Data for review
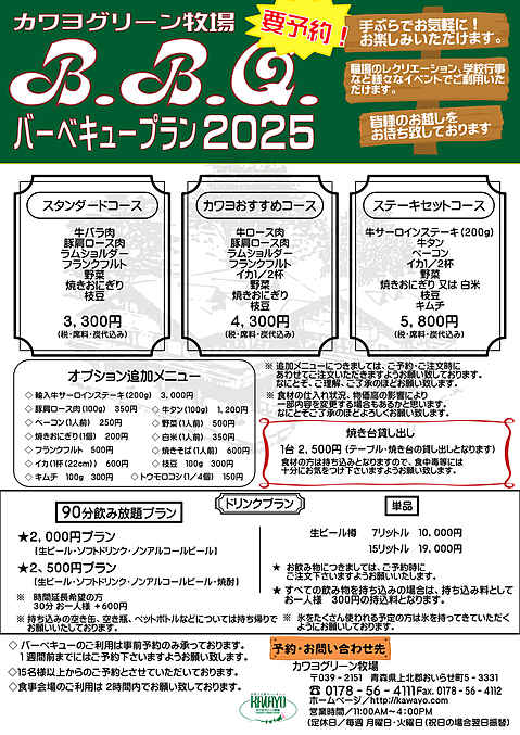- バーベキューのお問い合わせは、0178-56-4111
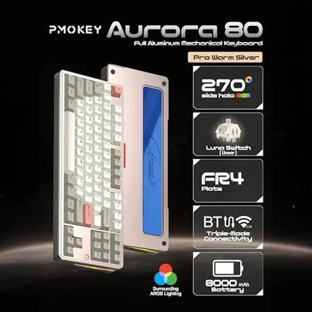 Aurora 80 supports tri-mode connectivity USB wired, BT and 2.4G wireless allowing easy switching between multiple devices for office work and everyday use. A built-in 8000mAh battery provides extended wireless operation with fewer charging interruptions. With its combination of metal construction, refined acoustics, and practical wireless features, PMO Aurora 80 is an ideal choice for users looking for a reliable, well-built mechanical keyboard with strong value.
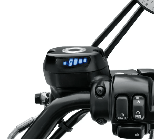 Finally, keep an eye on your Sportster™ model fuel level without watching how many miles you have traveled. In-tank sending unit employs capacitive sensing technology to accurately monitor the fuel level, and relays the information to a handlebar-mounted LED indicator for at-a-glance viewing.
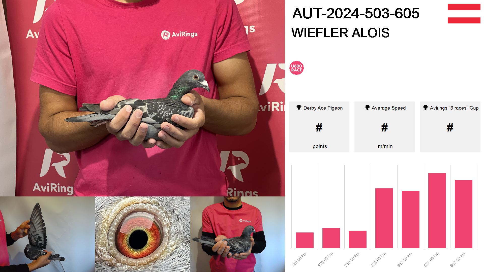 | Race | Position | Number of pigeons | Percent | Speed | Distance |
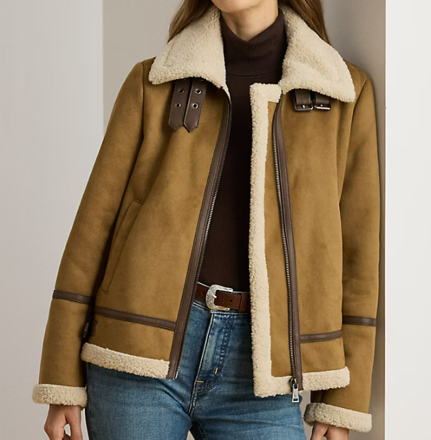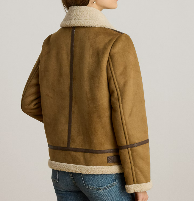 Crafted from a combination of faux suede and shearling, this luxurious jacket features a collar that can be worn as a soft, wide collar or a practical funnel collar, offering multiple looks in one piece. Two sumptuous faux leather buckle closures at the throat add a casual yet refined touch
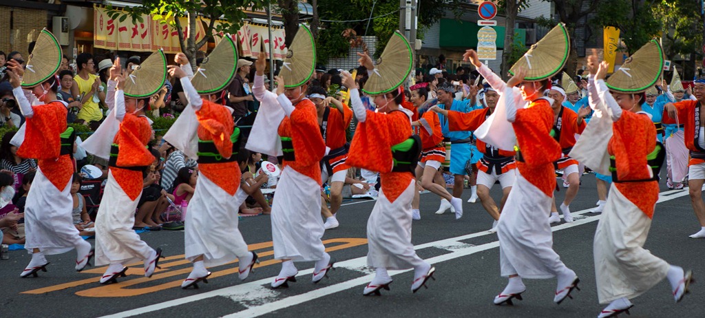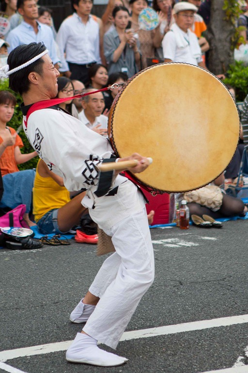 Shortly into the festival the woman next to me started vigorously tapping on my shoulder and trying to talk to me (I thought I was blocking her view). She had a huge smile, was pointing at the upcoming troupe and talking rapidly in Japanese; she obviously wanted me to understand something. Through a series of Japanese phrases, single English words and pointing I worked out that her daughter was in the center and coming. A proud mother and a daughter who loved to perform (bottom middle-left).
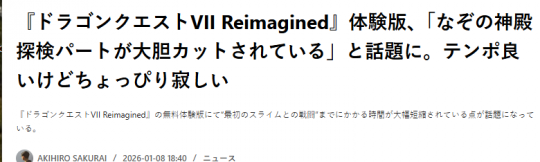 经典名作《勇者斗恶龙7:重制版》昨天开启试玩,已经有玩家参与试玩发布反馈,普遍反应原版让玩家不适的拖沓部分已经得到了改善。

Task requirements
Line by line, write out the material exactly, leaving the images out.

Output below
- バーベキューのお問い合わせは、0178-56-4111
 Aurora 80 supports tri-mode connectivity USB wired, BT and 2.4G wireless allowing easy switching between multiple devices for office work and everyday use. A built-in 8000mAh battery provides extended wireless operation with fewer charging interruptions. With its combination of metal construction, refined acoustics, and practical wireless features, PMO Aurora 80 is an ideal choice for users looking for a reliable, well-built mechanical keyboard with strong value.
 Finally, keep an eye on your Sportster™ model fuel level without watching how many miles you have traveled. In-tank sending unit employs capacitive sensing technology to accurately monitor the fuel level, and relays the information to a handlebar-mounted LED indicator for at-a-glance viewing.
 | Race | Position | Number of pigeons | Percent | Speed | Distance |
 Crafted from a combination of faux suede and shearling, this luxurious jacket features a collar that can be worn as a soft, wide collar or a practical funnel collar, offering multiple looks in one piece. Two sumptuous faux leather buckle closures at the throat add a casual yet refined touch
 Shortly into the festival the woman next to me started vigorously tapping on my shoulder and trying to talk to me (I thought I was blocking her view). She had a huge smile, was pointing at the upcoming troupe and talking rapidly in Japanese; she obviously wanted me to understand something. Through a series of Japanese phrases, single English words and pointing I worked out that her daughter was in the center and coming. A proud mother and a daughter who loved to perform (bottom middle-left).
 经典名作《勇者斗恶龙7:重制版》昨天开启试玩,已经有玩家参与试玩发布反馈,普遍反应原版让玩家不适的拖沓部分已经得到了改善。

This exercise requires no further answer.